╭─ Excerpted records

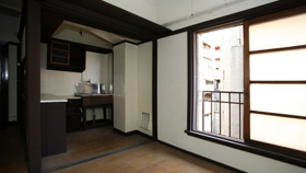 一号馆的1层是商店店铺的店面,2层至4层是家族用住户。二号馆从1层至3层是家族用住户,4层是单身住户和共用的洗水池和卫生间。在关东大震灾后建造的同润会住宅,为了防震采用了坚固的混凝土结构,从室内也能看到尺度很大的混凝土过梁,虽然布局简洁朴素,但是在门、门把手、电灯开关以及楣窗、还有一层作为集会场所房间的接待窗口的格子装饰等细部上都能让人感觉到大正、昭和初期的现代主义印象。
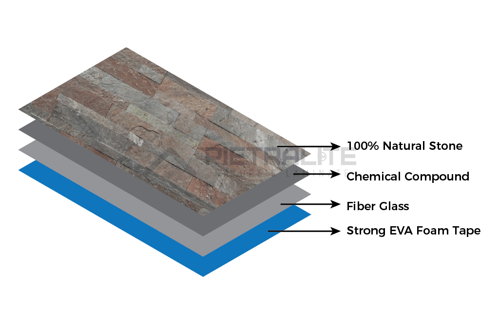 | Materials | 100% natural stone, fiberglass, resin, double-sided adhesive |
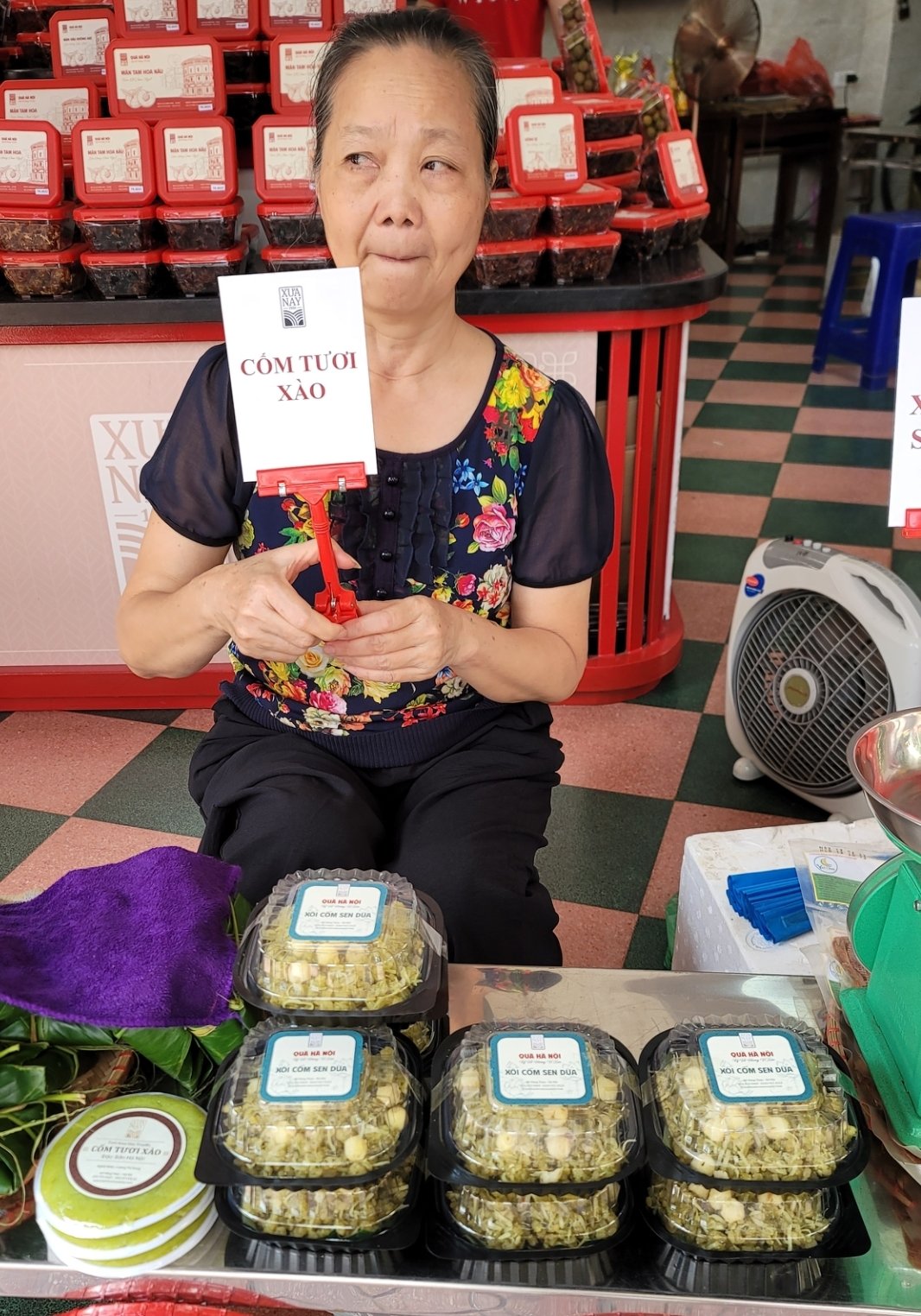 用蕉葉包裹糯米飯,手法質樸卻是一種傳統又方便的選擇。蕉葉不僅能保持糯米飯的溫度和香味,還能增添一絲淡淡的香氣。這種包裝方式在糯米飯外帶攤位上非常受歡迎,適合忙碌的人們快速、方便、營養地享用早餐,也給觀光客一種屬於越南農村、純樸的體驗。河內秋天的「綠米」(Cốm)是一種用低溫烘焙未成熟糯米所製成的。以越南綠米製成的傳統糕點,是河內秋季的代表性美食,中秋節時也用來祭祖,在河內老城區,即是以這種傳統的方法,用蕉葉包裹綠米販賣。
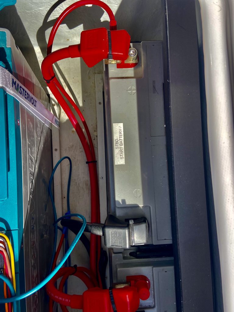funktioniert leider nicht, immer beim Einschalten fliegt sofort die Sicherung raus. Nun gut, dann müssen wir halt die Motoren anmachen, um genügend Strom zu haben. Dafür brauchen wir dann ja wieder die Starterbatterien, Witz komm raus… 😂.
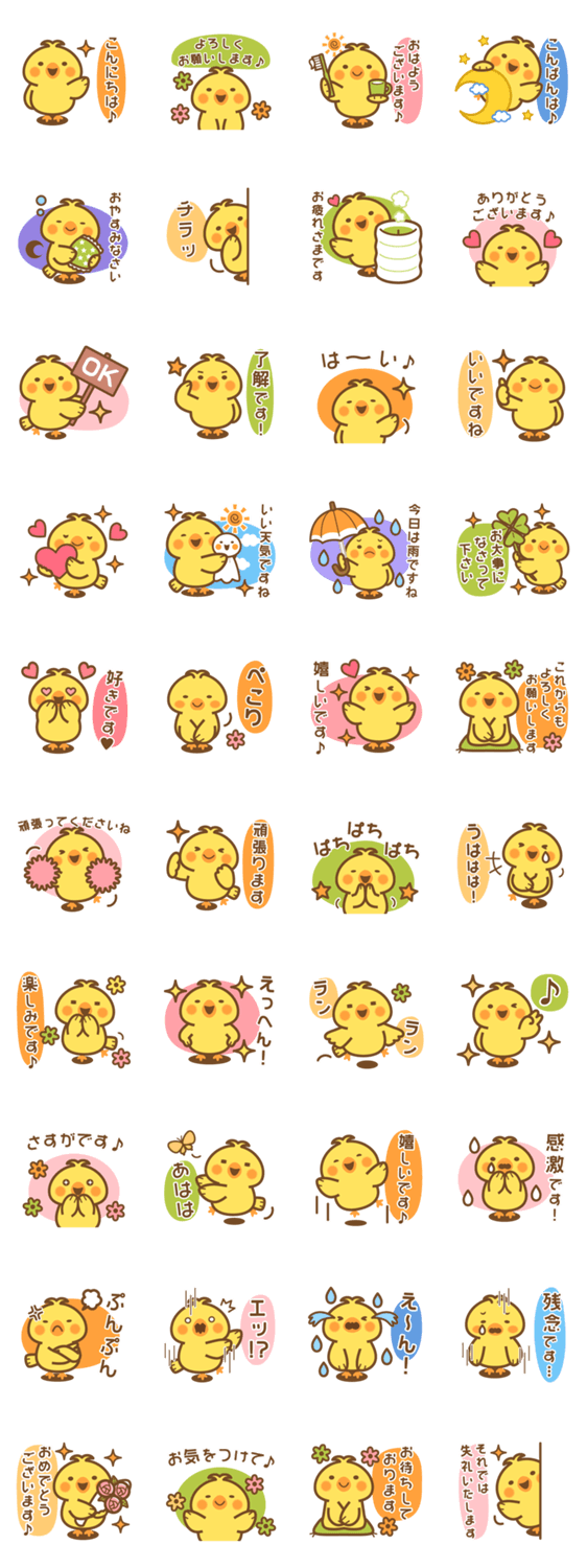 ヒヨコさんの日常で使用出来るシンプルな敬語スタンプです。
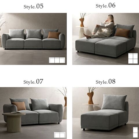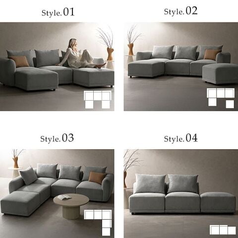 ◆肘掛けのあるコーナーソファ、中央に置けるアームレスソファ、オットマンから置く場所や座る人数に合わせて様々なパターンができます。
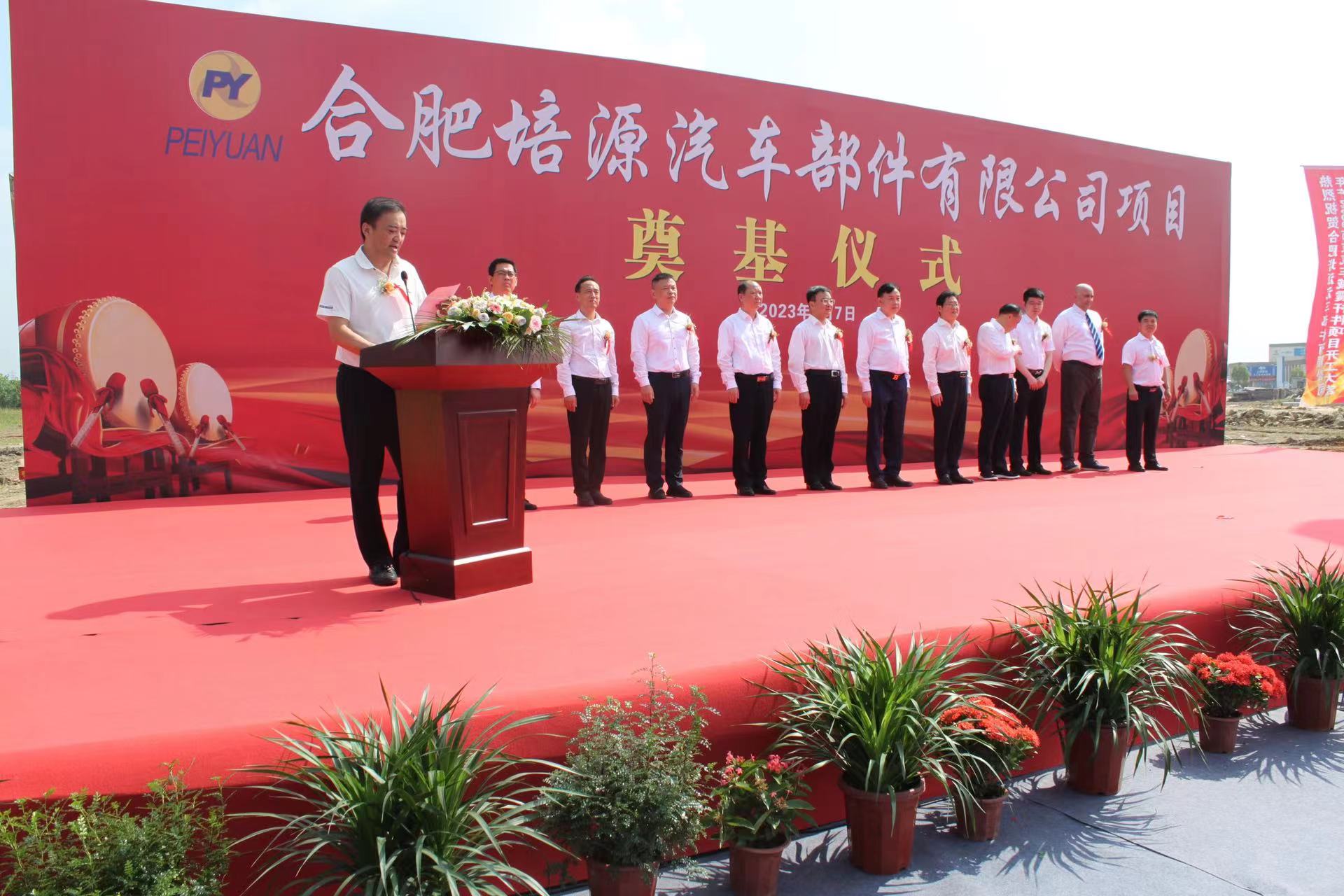 2023年9月7日上午,由sunbet申搏所属合肥瑶海钢构建设工程有限责任公司承建的合肥培源汽车部件有限公司年产2500万支汽车减震杆件项目奠基仪式在巢湖市居巢经开区隆重举行,巢湖市主要领导,建设方代表、施工方代表莅临参加,工地现场彩旗飘飘、花团锦簇。

╰─

▸ What to produce
Word for word, retype the lines from the one that contains "double-sided adhesive |" through the final line of the data, both ends included, excluding pictures.

▸ Response box
 | Materials | 100% natural stone, fiberglass, resin, double-sided adhesive |
 用蕉葉包裹糯米飯,手法質樸卻是一種傳統又方便的選擇。蕉葉不僅能保持糯米飯的溫度和香味,還能增添一絲淡淡的香氣。這種包裝方式在糯米飯外帶攤位上非常受歡迎,適合忙碌的人們快速、方便、營養地享用早餐,也給觀光客一種屬於越南農村、純樸的體驗。河內秋天的「綠米」(Cốm)是一種用低溫烘焙未成熟糯米所製成的。以越南綠米製成的傳統糕點,是河內秋季的代表性美食,中秋節時也用來祭祖,在河內老城區,即是以這種傳統的方法,用蕉葉包裹綠米販賣。
funktioniert leider nicht, immer beim Einschalten fliegt sofort die Sicherung raus. Nun gut, dann müssen wir halt die Motoren anmachen, um genügend Strom zu haben. Dafür brauchen wir dann ja wieder die Starterbatterien, Witz komm raus… 😂.
 ヒヨコさんの日常で使用出来るシンプルな敬語スタンプです。
 ◆肘掛けのあるコーナーソファ、中央に置けるアームレスソファ、オットマンから置く場所や座る人数に合わせて様々なパターンができます。
 2023年9月7日上午,由sunbet申搏所属合肥瑶海钢构建设工程有限责任公司承建的合肥培源汽车部件有限公司年产2500万支汽车减震杆件项目奠基仪式在巢湖市居巢经开区隆重举行,巢湖市主要领导,建设方代表、施工方代表莅临参加,工地现场彩旗飘飘、花团锦簇。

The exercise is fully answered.